All the lines below need to be output exactly, apart from any images.

Dataset extract:
▬▬▬▬▬▬▬▬▬▬
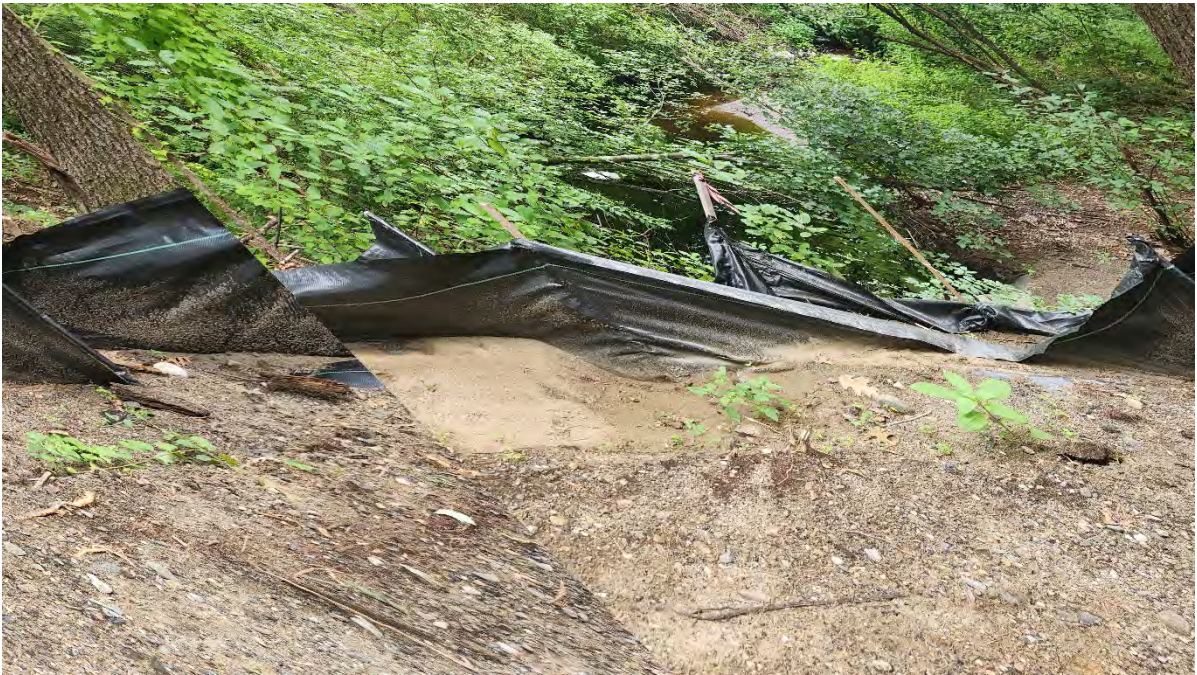
Photo 2: Broken stake in the silt fence along segment 10. Photo taken on 8/21/23
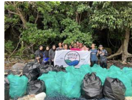
Susu Dara Beach by UTP
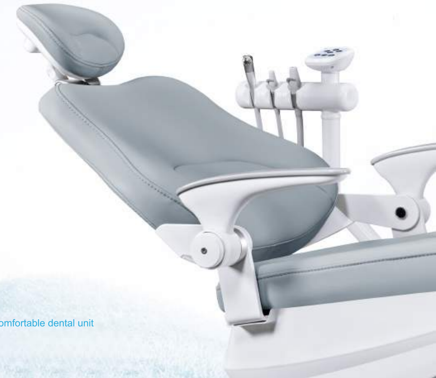
Comfortable dental unit
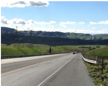
SR-84 looking eastbound near Ruby Hill Road.
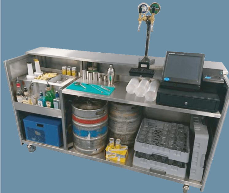
MOVERBar - Beer Dispense & Cocktail Servery MB1990BC - £4,540
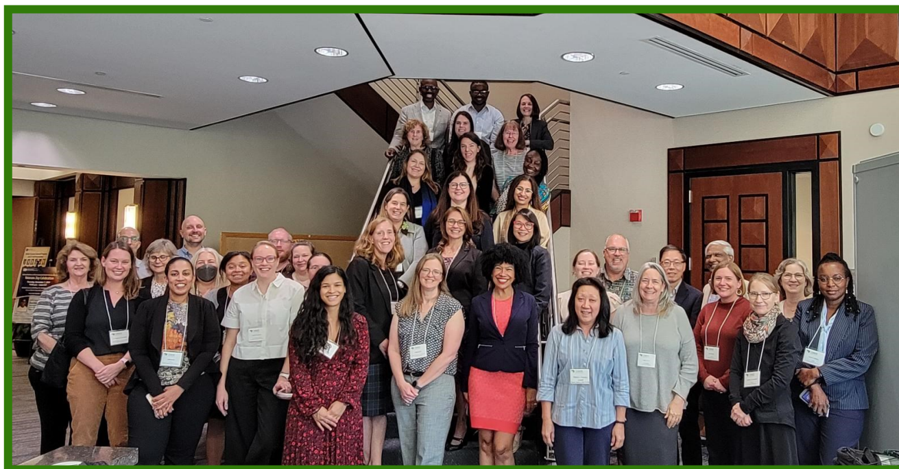
Team photo of the CEECR Annual Meeting at NIEHS in Durham, North Carolina
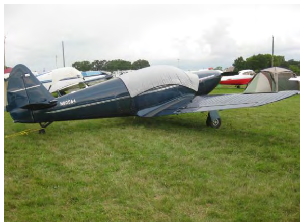
Deveaux Romain (Swift headed to France)
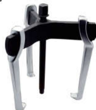
DN-D2005-A 3 jaws Reversible gear pullers 可逆式三爪拉马

Universal puller with two sliding arms drop forged steel, entirely hardened and tempered. Lever action claws fit closely under the part to be removed. The large claw surfaces offer many advantages for careful and quick removal of pulleys, gears, ball bearings etc..
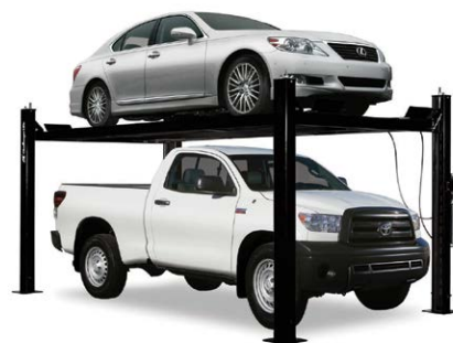
PRO PARK 8PL
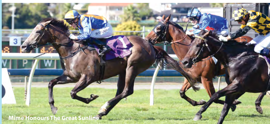
Mime Honours The Great Sunline

The Bi-Monthly Trophy is in its 20th year and 120 trophies have been presented to local Owners in this time.
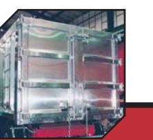
CHOICE OF REAR CLOSURES
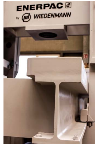
Picture 7: Jebens used S690 QL quality fine-grained steel to ensure the required high pressure load of 3,193 kN.
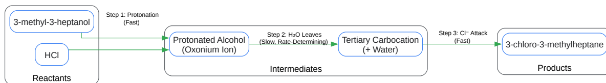
Figure 1: SN1 Synthesis Pathway

Click to download full resolution via product page
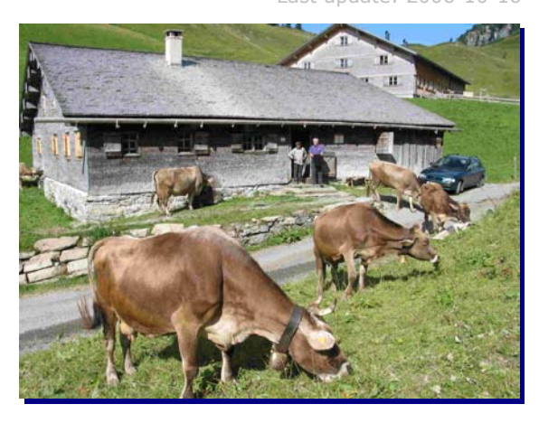
Schröcken, Vorarlberg, Austria

The 35<sup>th</sup> Course on High-Resolution Respirometry starts with a demo experiment using cultured cells, providing a practical overview of the Oxygraph-2k in action, with integrated on-line analysis by DatLab 4 , and with an application of the TIP-2k in a FCCP
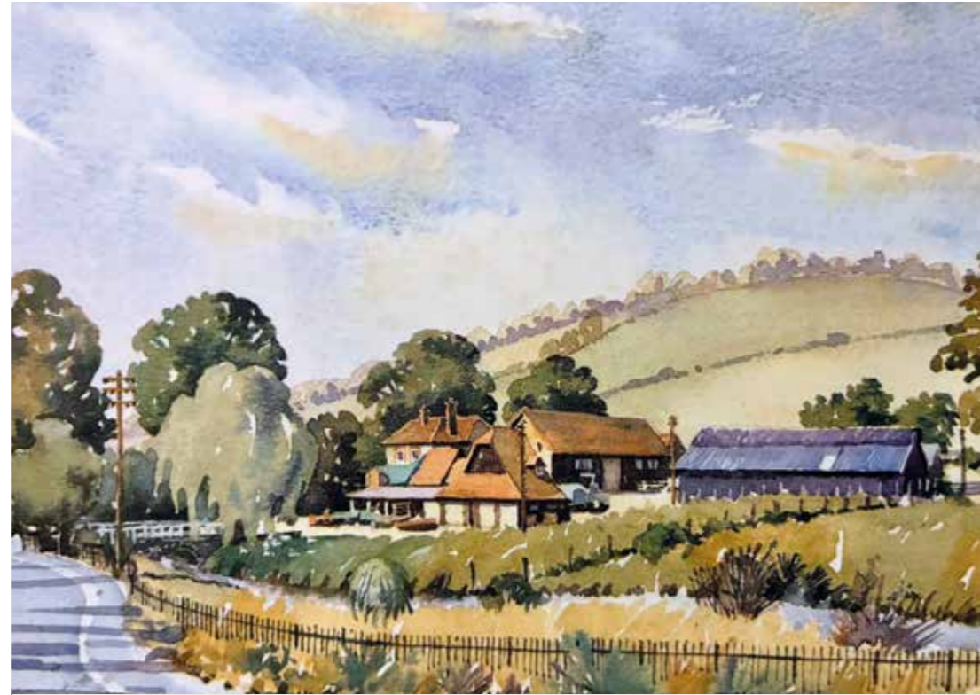
Watercolour painting of the property from its working farm days.
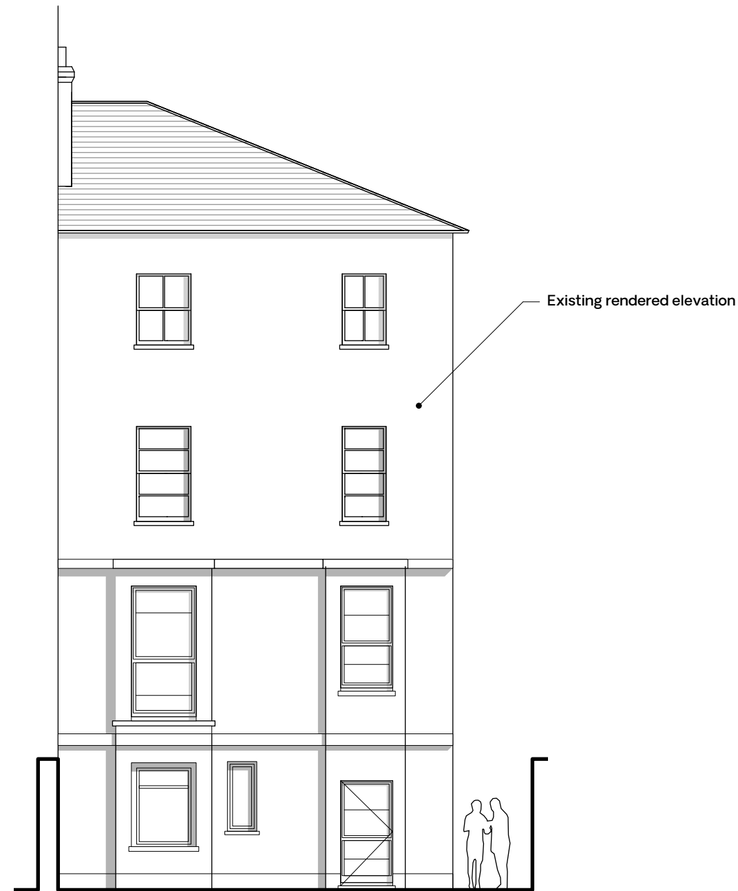
2 Existing Rear Elevation Scale: 1:100
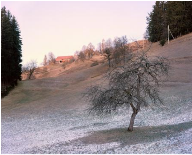
In the mountains, the sun is shining, 2024 Photography
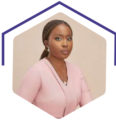
Founder and CEO
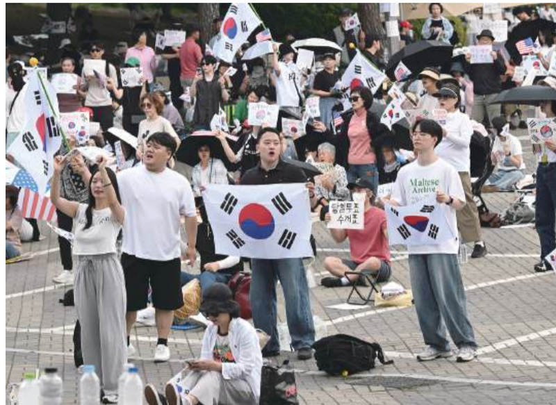
South Korean protesters wave national flags outside a vote-counting centre in Seoul yesterday, to call for a rerun of the local elections due to a shortage of ballot papers. – AFP

Student unions at 18 universities held new demonstrations from 6 pm yesterday.
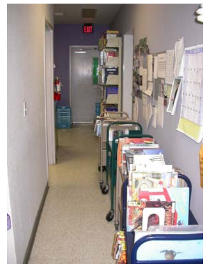
Crowded staff corridor
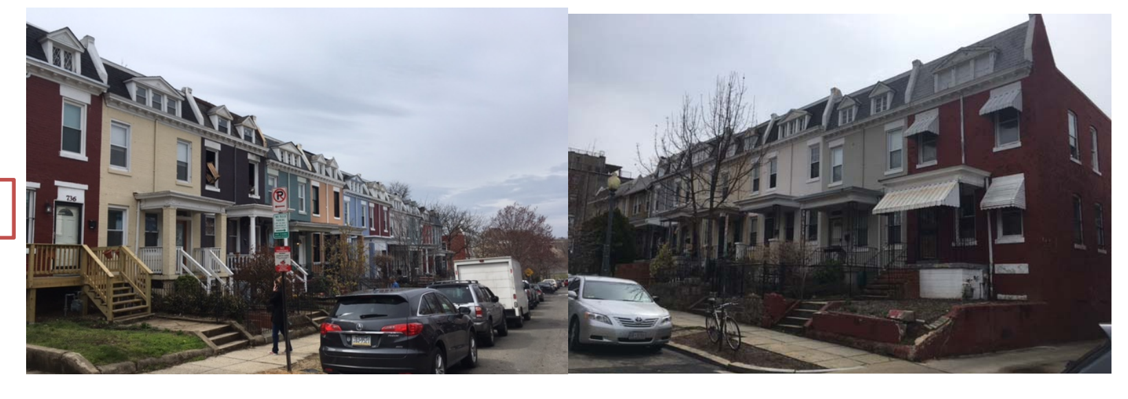
South Side – Hobart Place looking West– North Side
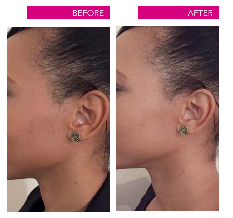
UPHA
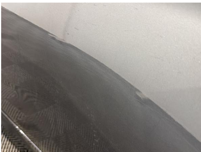
7: Door nsr Poor Previous Repair Poor Paint
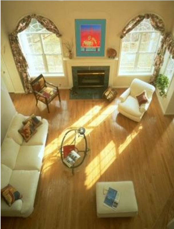
A Moscoso Adds a Touch of Elegance
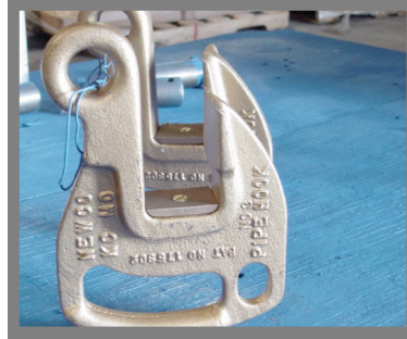
MODEL NO. 3A
▬▬▬▬▬▬▬▬▬▬
Output for this task:
Photo 2: Broken stake in the silt fence along segment 10. Photo taken on 8/21/23
Susu Dara Beach by UTP
Comfortable dental unit
SR-84 looking eastbound near Ruby Hill Road.
MOVERBar - Beer Dispense & Cocktail Servery MB1990BC - £4,540
Team photo of the CEECR Annual Meeting at NIEHS in Durham, North Carolina
Deveaux Romain (Swift headed to France)
DN-D2005-A 3 jaws Reversible gear pullers 可逆式三爪拉马

Universal puller with two sliding arms drop forged steel, entirely hardened and tempered. Lever action claws fit closely under the part to be removed. The large claw surfaces offer many advantages for careful and quick removal of pulleys, gears, ball bearings etc..
PRO PARK 8PL
Mime Honours The Great Sunline

The Bi-Monthly Trophy is in its 20th year and 120 trophies have been presented to local Owners in this time.
CHOICE OF REAR CLOSURES
Picture 7: Jebens used S690 QL quality fine-grained steel to ensure the required high pressure load of 3,193 kN.
Figure 1: SN1 Synthesis Pathway

Click to download full resolution via product page
Schröcken, Vorarlberg, Austria

The 35<sup>th</sup> Course on High-Resolution Respirometry starts with a demo experiment using cultured cells, providing a practical overview of the Oxygraph-2k in action, with integrated on-line analysis by DatLab 4 , and with an application of the TIP-2k in a FCCP
Watercolour painting of the property from its working farm days.
2 Existing Rear Elevation Scale: 1:100
In the mountains, the sun is shining, 2024 Photography
Founder and CEO
South Korean protesters wave national flags outside a vote-counting centre in Seoul yesterday, to call for a rerun of the local elections due to a shortage of ballot papers. – AFP

Student unions at 18 universities held new demonstrations from 6 pm yesterday.
Crowded staff corridor
South Side – Hobart Place looking West– North Side
UPHA
7: Door nsr Poor Previous Repair Poor Paint
A Moscoso Adds a Touch of Elegance
MODEL NO. 3A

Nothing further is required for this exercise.